(Dataset entries)
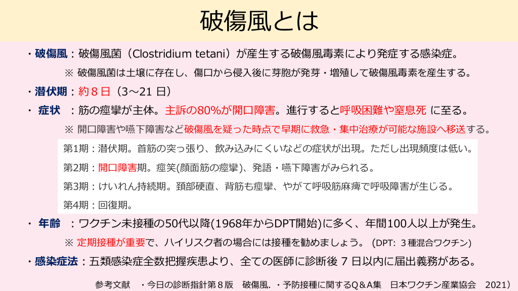 #5. 破傷風とは ・破傷風:破傷風菌(Clostridium tetani)が産生する破傷風毒素により発症する感染症。 ※ 破傷風菌は土壌に存在し、傷口から侵入後に芽胞が発芽・増殖して破傷風毒素を産生する。 ・潜伏期:約8日(3~21 日) ・ 症状 :筋の痙攣が主体。主訴の80%が開口障害。進行すると呼吸困難や窒息死 に至る。 ※ 開口障害や嚥下障害など破傷風を疑った時点で早期に救急・集中治療が可能な施設へ移送する。 第1期:潜伏期。首筋の突っ張り、飲み込みにくいなどの症状が出現。ただし出現頻度は低い。 第2期:開口障害期。痙笑(顔面筋の痙攣)、発語・嚥下障害がみられる。 第3期:けいれん持続期。頚部硬直、背筋も痙攣、やがて呼吸筋麻痺で呼吸障害が生じる。 第4期:回復期。 ・ 年齢 :ワクチン未接種の50代以降(1968年からDPT開始)に多く、年間100人以上が発生。 ※ 定期接種が重要で、ハイリスク者の場合には接種を勧めましょう。 (DPT: 3種混合ワクチン) ・感染症法:五類感染症全数把握疾患より、全ての医師に診断後 7 日以内に届出義務がある。 参考文献 ・今日の診断指針第8版 破傷風. ・予防接種に関するQ&A集 日本ワクチン産業協会 2021)
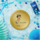 Plaques en papier baby shower d'abeilles avec adorable petite fille ethnique portant une tenue d'abeilles mignonette sur un riche arrière - plan en or avec des abeilles volantes. Vous pouvez ajouter du texte pour personnaliser ces plaques de papier baby shower d'abeilles noir et or, et vous pouvez supprimer l'arrière - plan or pour ajouter la couleur de votre choix.
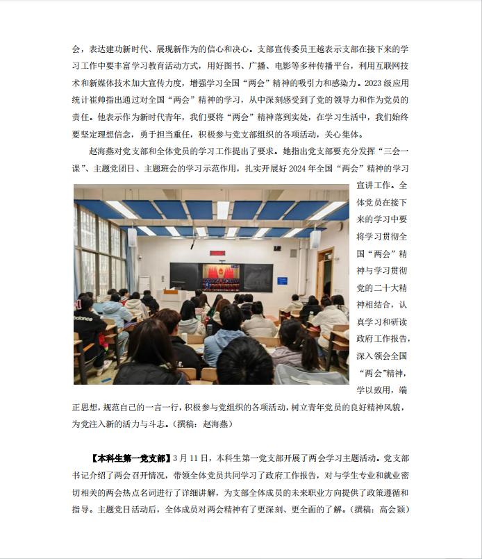 【本科生第一党支部】3月11日,本科生第一党支部开展了两会学习主题活动。党支部书记介绍了两会召开情况,带领全体党员共同学习了政府工作报告,对与员工专业和就业密切相关的两会热点名词进行了详细讲解,为支部全体成员的未来职业方向提供了政策遵循和指导。主题党日活动后,全体成员对两会精神有了更深刻、更全面的了解。(撰稿:高会颖)
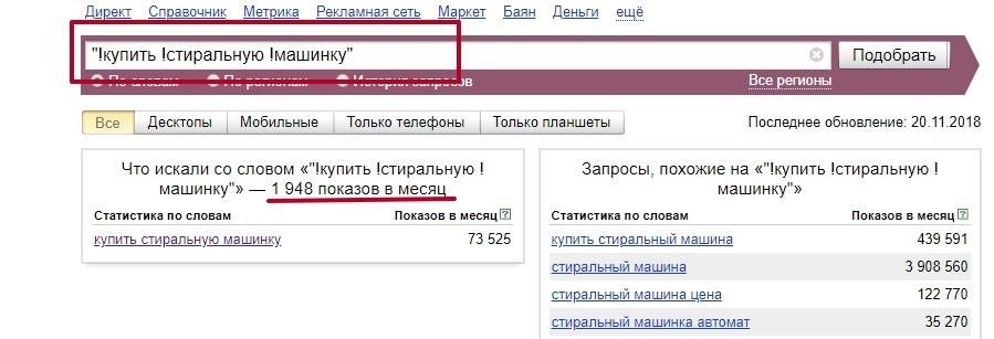 А чтобы понять действительное положение дел, просто добавьте кавычки и «!». С кавычками наш запрос уже выглядит не столь феерично – всего три с небольших тысячи показов:
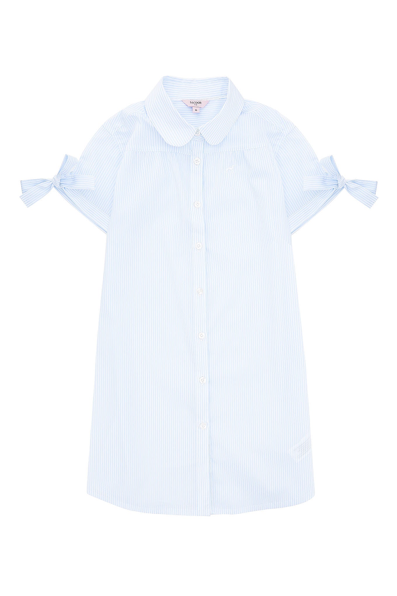 Girl's dress with striped pattern and evasé cut, shirt model. Fastens with buttons to the base. Round collar and embroidered Sacoor logo on chest. Short sleeves with ribbon for tying. Top, front and back pleats give it a very feminine look. Elastane blend gives comfort and greater freedom of movement. For girls who like to run and jump!
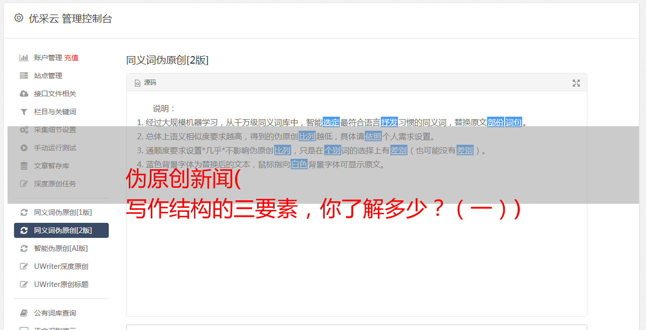 在你伪原创写完一篇文章文章之后,你还需要一些伪原创测试工具来检测这个文章不合格。

INSTRUCTIONS TO FOLLOW — All entries are to be duplicated exactly, with the pictures left out.

SOLUTION TO THIS PROBLEM —
 #5. 破傷風とは ・破傷風:破傷風菌(Clostridium tetani)が産生する破傷風毒素により発症する感染症。 ※ 破傷風菌は土壌に存在し、傷口から侵入後に芽胞が発芽・増殖して破傷風毒素を産生する。 ・潜伏期:約8日(3~21 日) ・ 症状 :筋の痙攣が主体。主訴の80%が開口障害。進行すると呼吸困難や窒息死 に至る。 ※ 開口障害や嚥下障害など破傷風を疑った時点で早期に救急・集中治療が可能な施設へ移送する。 第1期:潜伏期。首筋の突っ張り、飲み込みにくいなどの症状が出現。ただし出現頻度は低い。 第2期:開口障害期。痙笑(顔面筋の痙攣)、発語・嚥下障害がみられる。 第3期:けいれん持続期。頚部硬直、背筋も痙攣、やがて呼吸筋麻痺で呼吸障害が生じる。 第4期:回復期。 ・ 年齢 :ワクチン未接種の50代以降(1968年からDPT開始)に多く、年間100人以上が発生。 ※ 定期接種が重要で、ハイリスク者の場合には接種を勧めましょう。 (DPT: 3種混合ワクチン) ・感染症法:五類感染症全数把握疾患より、全ての医師に診断後 7 日以内に届出義務がある。 参考文献 ・今日の診断指針第8版 破傷風. ・予防接種に関するQ&A集 日本ワクチン産業協会 2021)
 Plaques en papier baby shower d'abeilles avec adorable petite fille ethnique portant une tenue d'abeilles mignonette sur un riche arrière - plan en or avec des abeilles volantes. Vous pouvez ajouter du texte pour personnaliser ces plaques de papier baby shower d'abeilles noir et or, et vous pouvez supprimer l'arrière - plan or pour ajouter la couleur de votre choix.
 【本科生第一党支部】3月11日,本科生第一党支部开展了两会学习主题活动。党支部书记介绍了两会召开情况,带领全体党员共同学习了政府工作报告,对与员工专业和就业密切相关的两会热点名词进行了详细讲解,为支部全体成员的未来职业方向提供了政策遵循和指导。主题党日活动后,全体成员对两会精神有了更深刻、更全面的了解。(撰稿:高会颖)
 А чтобы понять действительное положение дел, просто добавьте кавычки и «!». С кавычками наш запрос уже выглядит не столь феерично – всего три с небольших тысячи показов:
 Girl's dress with striped pattern and evasé cut, shirt model. Fastens with buttons to the base. Round collar and embroidered Sacoor logo on chest. Short sleeves with ribbon for tying. Top, front and back pleats give it a very feminine look. Elastane blend gives comfort and greater freedom of movement. For girls who like to run and jump!
 在你伪原创写完一篇文章文章之后,你还需要一些伪原创测试工具来检测这个文章不合格。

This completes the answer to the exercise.